No parent will send his/her child to a campus where their safety is not guaranteed. As a student, regardless of how great of an education a university can offer me, I would not enroll there if I felt unsafe.


It scares me to think that at any moment someone can come on campus and open fire. I realize that no matter what university I attend I will always be at risk, but my mind would be at ease if I knew administrators were doing everything in their power to protect and prevent dangerous incidents from occurring.


I cannot help but wonder is Louisiana Tech’s campus safe enough, do we have effective crisis plans and policies, or will we be left stranded in the middle of an ocean of problems looking for guidance?


With an effective alert system already in place, I am sure if a situation arises, Tech will handle the crisis with the upmost sincerity and care.


Louisiana Tech’s emergency notification system contacts students and faculty in the event of an emergency and potential dangerous situations. Students can be contacted in three ways: on-campus voice call, through email or through text messages.


Under this system, I have always been alerted when to evacuate a building, if the police are looking for someone who has committed a crime or even when bad weather is approaching. The only bad thing about this system is it is not guaranteed that all students will enter their cellphone numbers to be used.

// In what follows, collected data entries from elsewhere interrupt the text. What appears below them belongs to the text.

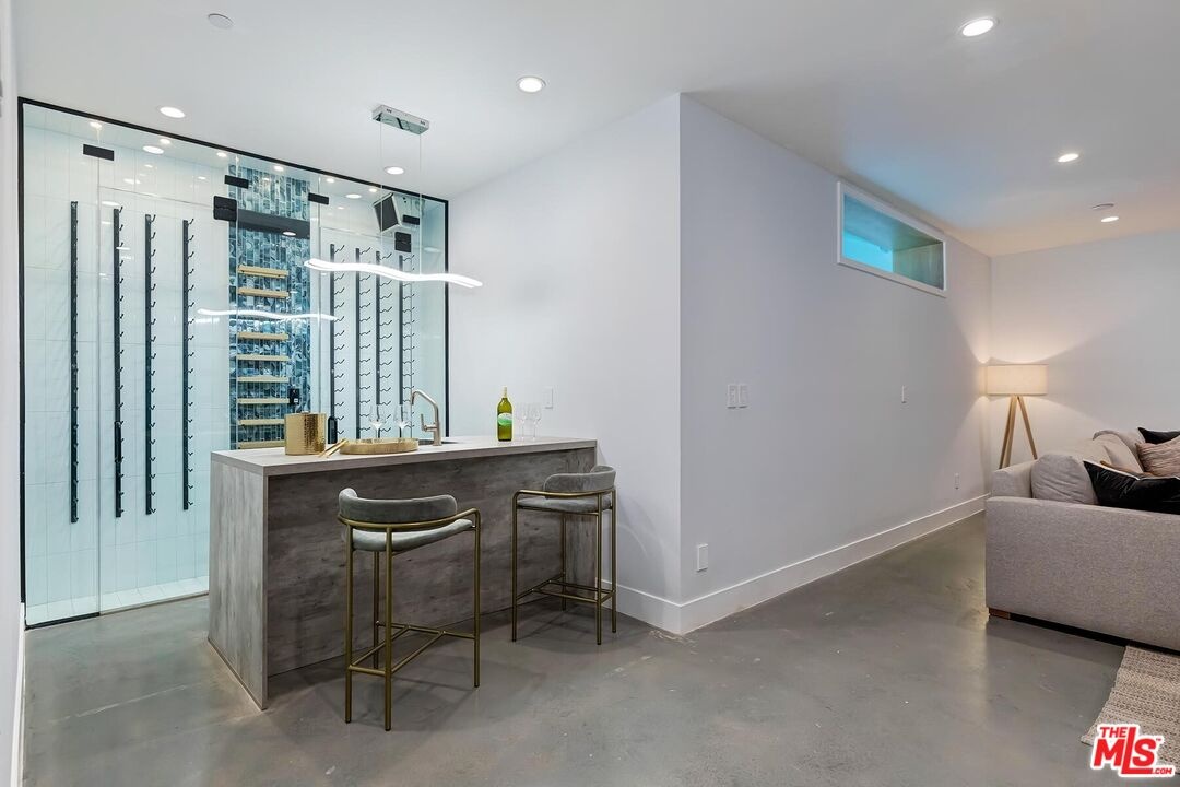 Exquisite brand new built 2022 modern villa with 3-levels of extraordinary living & entertaining areas in desirable Beverly Hills adjacent(1st home from Beverly Hills). A fully equipped home with 3 levels of living areas, separate guest house, cabana, fire pit, pool & spa tub, 2 car garage, elevator... Formal entry way to all entertaining areas with family room w/ fireplace, dining area, wine cellar and gourmet kitchen with an oversized center island all with direct access to the entertainers' backyard. The first floor also features a two car garage and guest's powder room. Sliding doors takes you to the private entertainers' backyard w/sparkling pool & spa, cabana, massive fire pit and lounging areas with shower. Outdoor area also features contemporary guest house with high ceilings, central air, little kitchenette and bathroom. Luxury living continues upstairs with an additional family room, 3 bedroom suites including a pristine master suite with fireplace, sliding glass doors- leading out to a private balcony overlooking the backyard, walk-in closet, and a spa-like bath with large steam shower, soaking tub, dual sinks and vanity area. Underground level offers big ballroom, wet bar, temperature-controlled wine cellar, patio and incredible large underwater window view of the pool. In addition, this level has a bedroom suite with full bathroom, gym and a den/office/maid room with full bathroom. Top notch amenities include security cameras, smart home system, surround sound, elevator, pool, spa, guest house, laundry room, central vacuum, 2 car garage and more. Lower level (basement) 1443 sqft * First floor 1023 sqft * Second floor 1195 sqft * Recreation room (guest house) 200 sqft * Cabana 144 sqft * Garage 346 sqft.
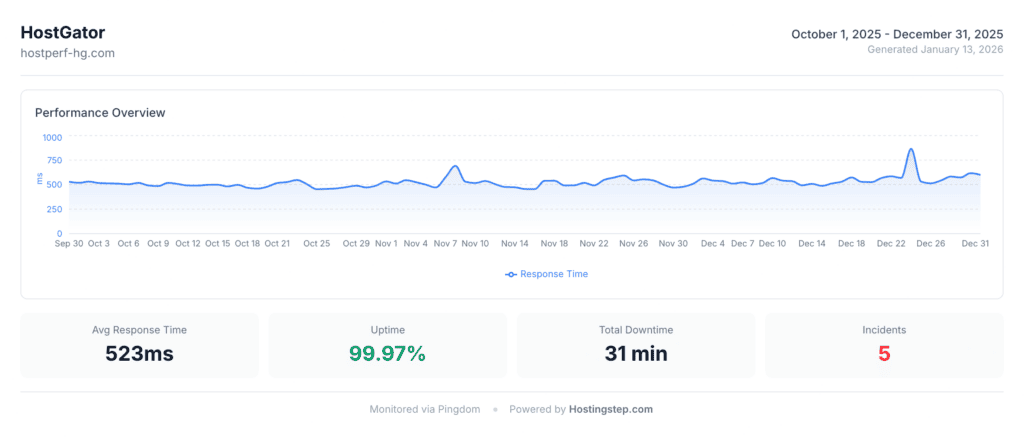 We purchase hosting accounts with our own funds and conduct our tests using tools comprising Pingdom, GTmetrix, Loader.io, WPBenchmark, and SpeedVitals. We conducted over 525,600 tests per provider every year. Our weightage system comprises 60% on performance, 30% on features, 10% on value and 5% on hardware. Our methodology data period is 2025 Q4 from Oct 1 to Dec 31. In this article, we presented and referred to HostGator’s Historical data from 2021 to 2025. We tested a total of 34 providers.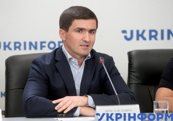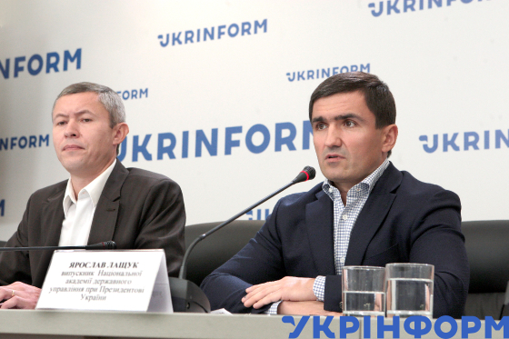 Випускник Національної академії державного управління при Президентові України Ярослав Лащук під час пресбрифінгу на тему: "Збереження та модернізація Національної академії державного управління при Президентові України" в Українському національному інформаційному агентстві "Укрінформ", Київ, 12 липня 2019 року.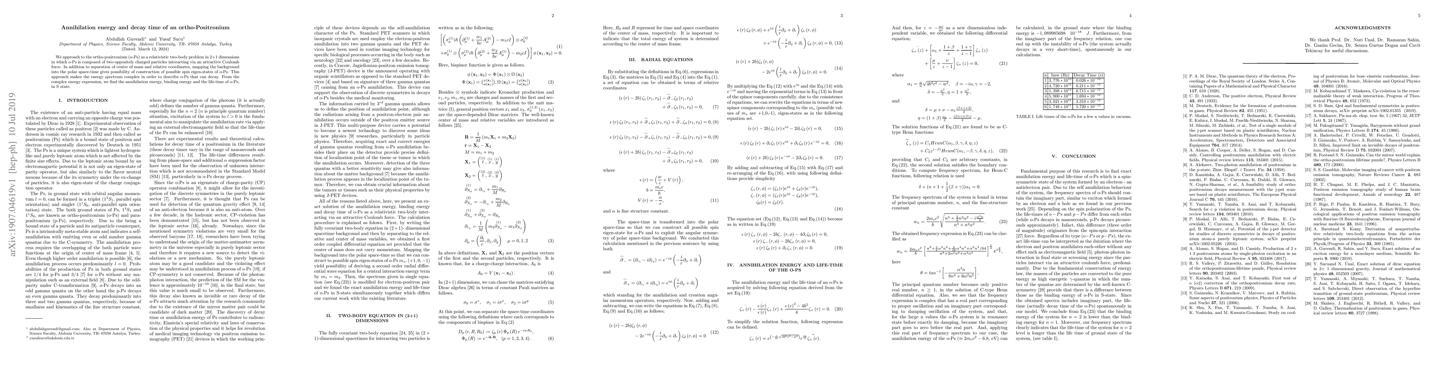 We approach to the ortho-positronium (o-Ps) as a relativistic two-body problem in $2+1$ dimensions in which o-Ps is composed of two-oppositely charged particles interacting via an attractive Coulomb force. In addition to separation of center of mass and relative coordinates, mapping the background into the polar space-time gives possibility of construction of possible spin eigen-states of o-Ps. This approach makes the energy spectrum complex in order to describe o-Ps that can decay. From the complex energy expression, we find the annihilation energy, binding energy and the life-time of o-Ps, in S state.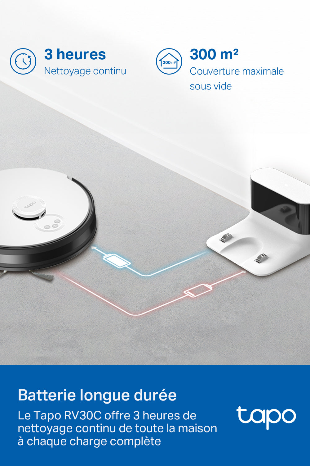 Doté d'une batterie lithium-ion de 3200 mAh, le Tapo RV30C Mop offre une autonomie impressionnante pouvant atteindre 3 heures de fonctionnement continu. Cette capacité lui permet de couvrir de grandes surfaces sans interruption. De plus, sa fonction de recharge et reprise automatique assure que le nettoyage se poursuit là où il s'était arrêté, garantissant ainsi un nettoyage complet de votre domicile, même pour les espaces les plus vastes.

Also, many students do not check their emails often enough, which could definitely be a problem if the alerts do not come to their phone.


If all students cooperate and enter their numbers to be used by the system, Louisiana Tech would have one of the most effective alert systems in the country.


While it is unfortunate that Virginia Tech’s has witnessed another shooting, it should be a wakeup call for all schools to make sure that have an effective campus safety policy or to improve their policies.


After all, what is the purpose of an education, if you will not live to apply it?